In light of the foregoing description of the preferred embodiment of the present invention, many modifications and variations will be apparent to those skilled in the art without departing from the spirit and scope of the invention. The technical scope of the present invention is not limited to the content of the specification, and must be determined according to the scope of the claims.

Claims (7)

1. A method for efficiently extracting lycium barbarum polysaccharide by adopting a cold plasma wall-breaking technology is characterized in that unprocessed lycium barbarum is placed in cold plasma treatment equipment, so that the lycium barbarum is subjected to vacuum ultraviolet photon bombardment in a cold plasma environment and then is subjected to wall breaking.

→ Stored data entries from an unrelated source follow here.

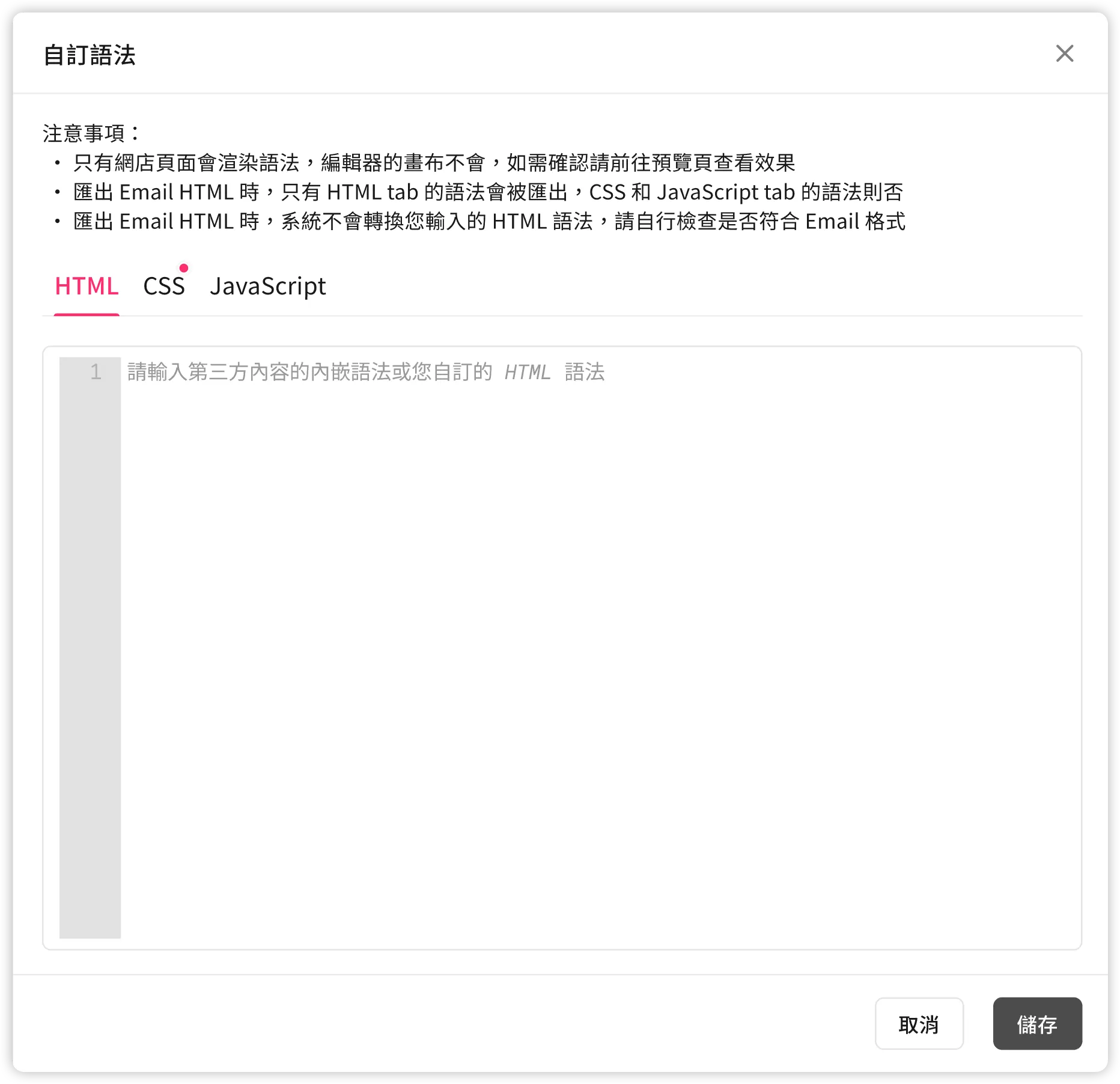 「自訂語法」元件可以讓您在活動頁上的某個區塊,插入 HTML、配合這段 HTML 的 CSS、配合這段 HTML 的 JavaScript 語法,自訂活動頁內容的呈現,或串聯第三方應用服務展示內容。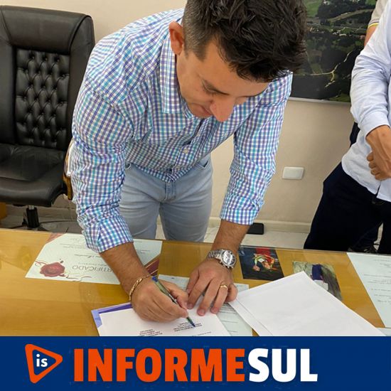 Beto aproveitou para garantir mais R$ 500 mil para a continuidade da pavimentação. Foto: PMBN Está autorizado o início das obras de pavimentação do Rio Cachoeirinhas, em Braço do Norte. A assinatura da ordem de serviço aconteceu no gabinete da Prefeitura, na tarde desta quarta-feira, 11, com a presença de representantes da comunidade e autoridades.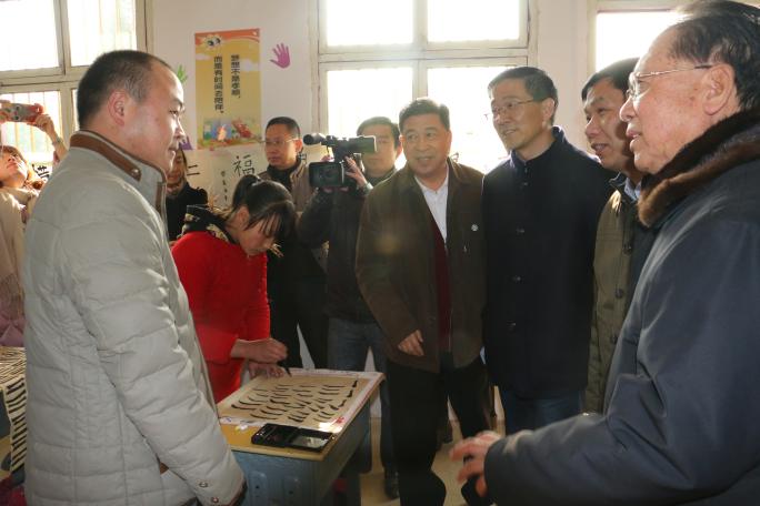 王笑南觀看方洼小學(xué)學(xué)生寫書法
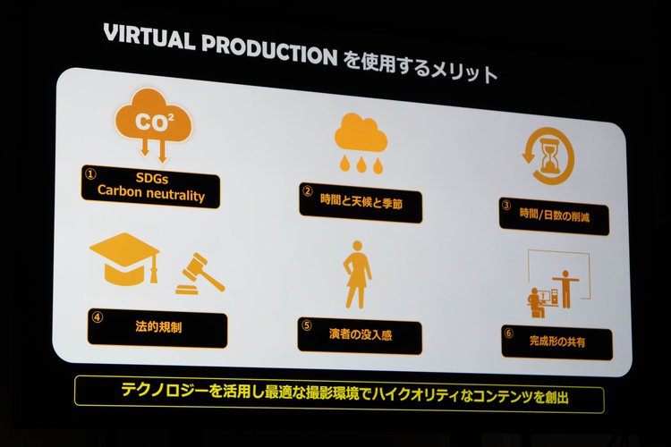 バーチャルプロダクションを利用するメリットは多く、ひとつはロケーション撮影では移動や暖房器具などで膨大な燃料を使用するが、そういった部分から発生するCO2の削減に繋がる。また、シー・インフィニティでは再生可能エネルギーを使用していることもアピールした。他にも、日照時間や天候、季節などの撮影環境に左右されない、撮影時間・撮影日数の削減、カーアクションなど撮影の許可を得なければいけない法的規制に縛られない、実際に背景があることによる演者の没入感の保持、そして完成形に限りなく近い映像を全スタッフが確認しながら撮影できるためクオリティの向上に繋げられるなど多くのメリットを有している。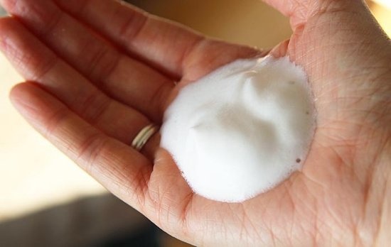 - Bij gebruik: druk dispenser in, breng schuim aan op de handen.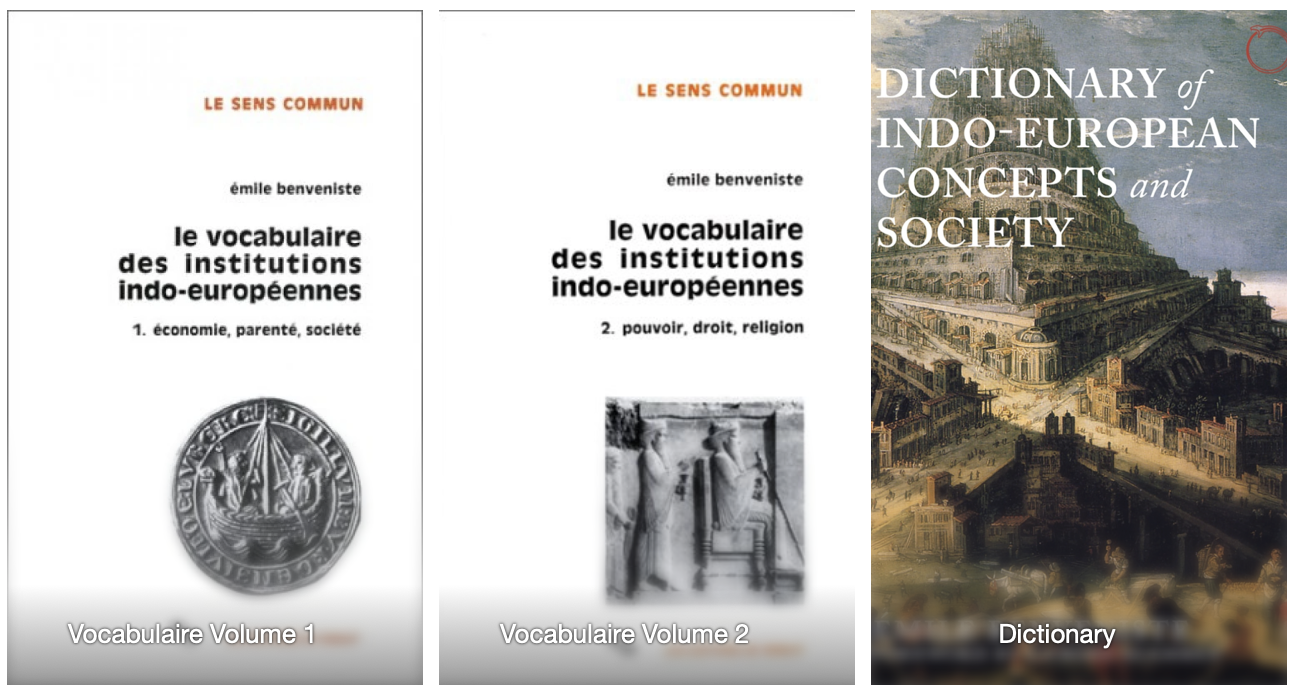 Émile Benveniste, Le Vocabulaire des institutions indo-européennes, 2 volumes, Paris: Éditions de Minuit, 1969; Dictionary of Indo-European Concepts and Society, trans. Elizabeth Palmer, Chicago: Hau Books, 2016; originally published as Indo-European Language and Society, Coral Gables: University of Miami Press, 1973.

2. The method for efficiently extracting lycium barbarum polysaccharide by adopting a cold plasma wall-breaking technology according to claim 1, wherein helium is used as a cold plasma gas source in the cold plasma treatment equipment.

3. The method for efficiently extracting lycium barbarum polysaccharide by using a cold plasma wall-breaking technology according to claim 2, wherein helium gas is subjected to radio frequency discharge to generate helium high-energy plasma and vacuum ultraviolet photons.

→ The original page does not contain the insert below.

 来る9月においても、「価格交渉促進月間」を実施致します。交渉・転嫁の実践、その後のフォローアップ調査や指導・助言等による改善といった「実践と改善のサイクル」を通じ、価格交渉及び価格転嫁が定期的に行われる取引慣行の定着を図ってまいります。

4. The method for efficiently extracting lycium barbarum polysaccharide by using a cold plasma wall-breaking technology according to claim 2, wherein the vacuum degree of helium plasma for processing lycium barbarum is 50-250 Pa.

5. The method for efficiently extracting lycium barbarum polysaccharide by using a cold plasma wall-breaking technology according to claim 2, wherein the helium plasma discharge power for processing lycium barbarum is 50-250W.

6. The method for efficiently extracting lycium barbarum polysaccharide by adopting a cold plasma wall-breaking technology according to claim 2, wherein the plasma discharge time for processing lycium barbarum is 5-45 s.

7. The method for efficiently extracting the lycium barbarum polysaccharide by using the cold plasma wall-breaking technology according to claim 3, wherein helium plasma uniformly bombards the surface of the lycium barbarum to modify and etch the lycium barbarum and finally cause the cell wall of the lycium barbarum to be broken.